If the rank feature has a negative score impact then the function will be
computed as `pivot / (S + pivot)`, which decreases when `S` increases.

[source,console]
--------------------------------------------------
GET /test/_search
{
  "query": {
    "rank_feature": {
      "field": "pagerank",
      "saturation": {
        "pivot": 8
      }
    }
  }
}
--------------------------------------------------

If a `pivot` value is not provided, {es} computes a default value equal to the
approximate geometric mean of all rank feature values in the index. We recommend
using this default value if you haven't had the opportunity to train a good
pivot value.

[source,console]
--------------------------------------------------
GET /test/_search
{
  "query": {
    "rank_feature": {
      "field": "pagerank",
      "saturation": {}
    }
  }
}
--------------------------------------------------

[[rank-feature-query-logarithm]]
===== Logarithm
The `log` function gives a score equal to `log(scaling_factor + S)`, where `S`
is the value of the rank feature field and `scaling_factor` is a configurable
scaling factor. Scores are unbounded.

This function only supports rank features that have a positive score impact.

[source,console]
--------------------------------------------------
GET /test/_search
{
  "query": {
    "rank_feature": {
      "field": "pagerank",
      "log": {
        "scaling_factor": 4
      }
    }
  }
}
--------------------------------------------------

[[rank-feature-query-sigmoid]]
===== Sigmoid
The `sigmoid` function is an extension of `saturation` which adds a configurable
exponent. Scores are computed as `S^exp^ / (S^exp^ + pivot^exp^)`. Like for the
`saturation` function, `pivot` is the value of `S` that gives a score of `0.5`
and scores are `(0,1)`.

The `exponent` must be positive and is typically in `[0.5, 1]`. A
good value should be computed via training.

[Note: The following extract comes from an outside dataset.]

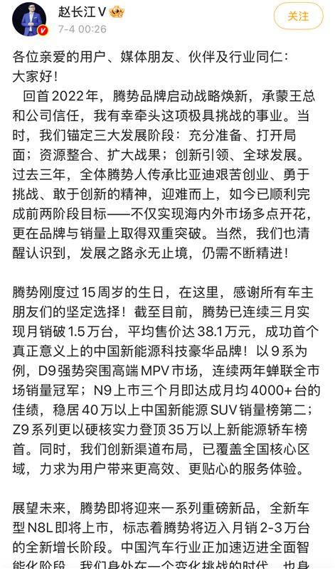 近日,原騰勢銷售事業部總經理趙長江發文告別騰勢,此舉被業內視為對此前“騰勢將進行人事調整”消息的正面回應。

If you don't have the opportunity to
do so, we recommend you use the `saturation` function instead.

[source,console]
--------------------------------------------------
GET /test/_search
{
  "query": {
    "rank_feature": {
      "field": "pagerank",
      "sigmoid": {
        "pivot": 7,
        "exponent": 0.6
      }
    }
  }
}
--------------------------------------------------
[[rank-feature-query-linear]]
===== Linear
The `linear` function is the simplest function, and gives a score equal
to the indexed value of `S`, where `S` is the value of the rank feature
field.
If a rank feature field is indexed with `"positive_score_impact": true`,
its indexed value is equal to `S` and rounded to preserve only
9 significant bits for the precision.
If a rank feature field is indexed with `"positive_score_impact": false`,
its indexed value is equal to `1/S` and rounded to preserve only 9 significant
bits for the precision.

[source,console]
--------------------------------------------------
GET /test/_search
{
  "query": {
    "rank_feature": {
      "field": "pagerank",
      "linear": {}
    }
  }
}
--------------------------------------------------